New seminarian chapel dedicated

Bishop Carl A. Kemme prays prayers of dedication and anointing during a dedication of the St. Joseph House of Formation chapel Monday, Nov. 4.  (Advance photo)


Bishop Carl A. Kemme related the first question asked by God to those attending the St. Joseph House of Formation’s chapel dedication Monday evening, Nov. 4.

God asks Adam and Eve in Genesis 3:9, “Where are you?” the bishop said. They were hiding out of shame and guilt, Bishop Kemme explained, after eating the forbidden fruit and falling into sin.

“This is a really a powerful and deep question that reveals so much about God and about us. God, to be sure, is always in search of us, looking for us, and we, because we bear the same guilt and shame, are often hiding from him.”

God asks all of us the same question, Bishop Kemme said: “Where are you?”

Jesus asked his disciples many questions, he said, not for his benefit, but for theirs.

The bishop said two questions were contained in the Gospel readings of the day:
“Who do the people say that I am?” and “But who do you say that I am?”

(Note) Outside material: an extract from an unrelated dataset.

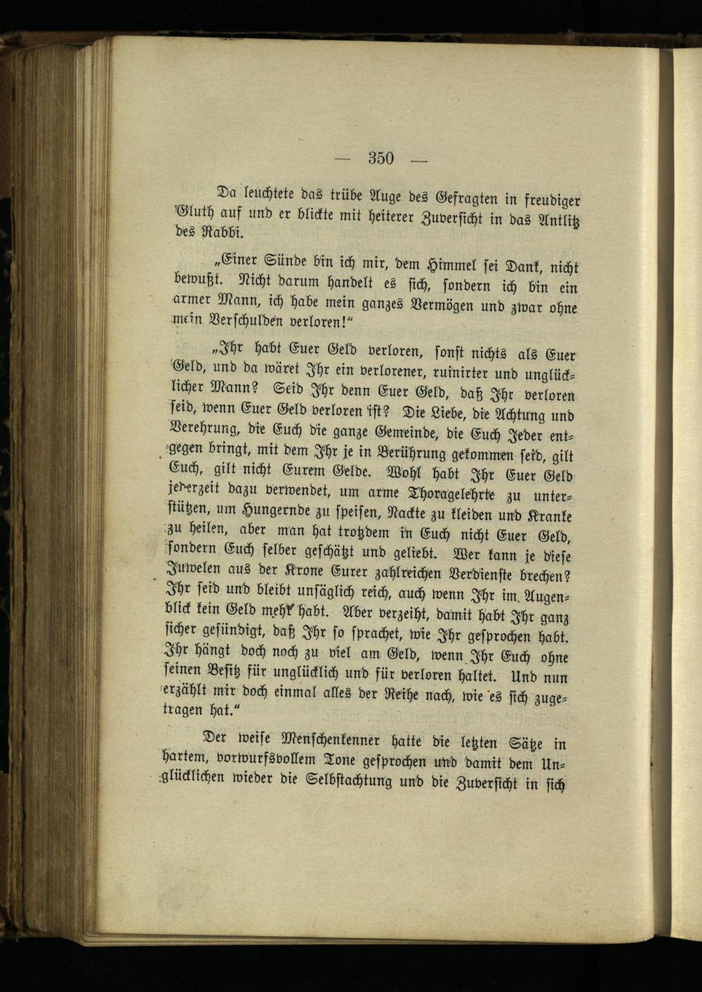 „Ihr habt Euer Geld verloren, sonst nichts als Euer Veld, und da wäret Ihr ein verlorener, ruinirter und unglücklicher Mann? Seid Ihr denn Euer Geld, daß Ihr verloren seid, wenn Euer Geld verloren ist? Die Liebe, die Achtung und Verehrung, die Euch die ganze Gemeinde, die Euch Jeder entgegen bringt, mit dem Ihr je in Berührung gekommen seid, gilt Euch, gilt nicht Eurem Gelde. Wohl habt Ihr Euer Geld jederzeit dazu verwendet, um arme Thoragelchrte zu unterstützen, um Hungernde zu speisen, Nackte zu kleiden und Kranke zu heilen, aber man hat trotzdem in Euch nicht Euer Geld, sondern Euch selber geschätzt und geliebt. Wer kann je diese Juwelen aus der Krone Eurer zahlreichen Verdienste brechen? Ihr seid und bleibt unsäglich reich, auch wenn Ihr im. Augenblick kein Geld mehl" habt. Mer verzeiht, damit habt Ihr ganz sicher gesündigt, daß Ihr so sprächet, wie Ihr gesprochen habt. Ihr hängt doch noch zu viel am Geld, wenn Ihr Euch ohne seinen Besitz für unglücklich und für verloren haltet. Und nun erzählt mir doch einmal alles der Reihe nach, wie es sich zugetragen hat."

The apostles answered the first question replying John the Baptist, Elijah, Jeremiah, or another of the great prophets. But Simon, responding to the second question, states: “You are the Christ, the Son of the Living God.”

Church founded on Peter

Jesus responds, Bishop Kemme said, by proclaiming that Peter is rock, “and upon this rock I will build my church and the gates of hell will not prevail against it.”

Today the work of building the church is entrusted to us, he said, “building God’s kingdom here on earth through evangelization, discipleship, and stewardship.”

The St. Joseph House of Formation was begun two years ago as a service to the Diocese of Wichita in building up the church, he said.

“Today we make this house into a true home, where seeds of evangelization, discipleship, and stewardship planted in your personal homes, parishes, and schools, will continue to be nurtured, and tended to as you discern a call to be priests for this diocese.”

The completion of the chapel, he said, through the generosity of our people, signifies that the men formed at the house of formation have everything they need to answer the questions posed to them by God.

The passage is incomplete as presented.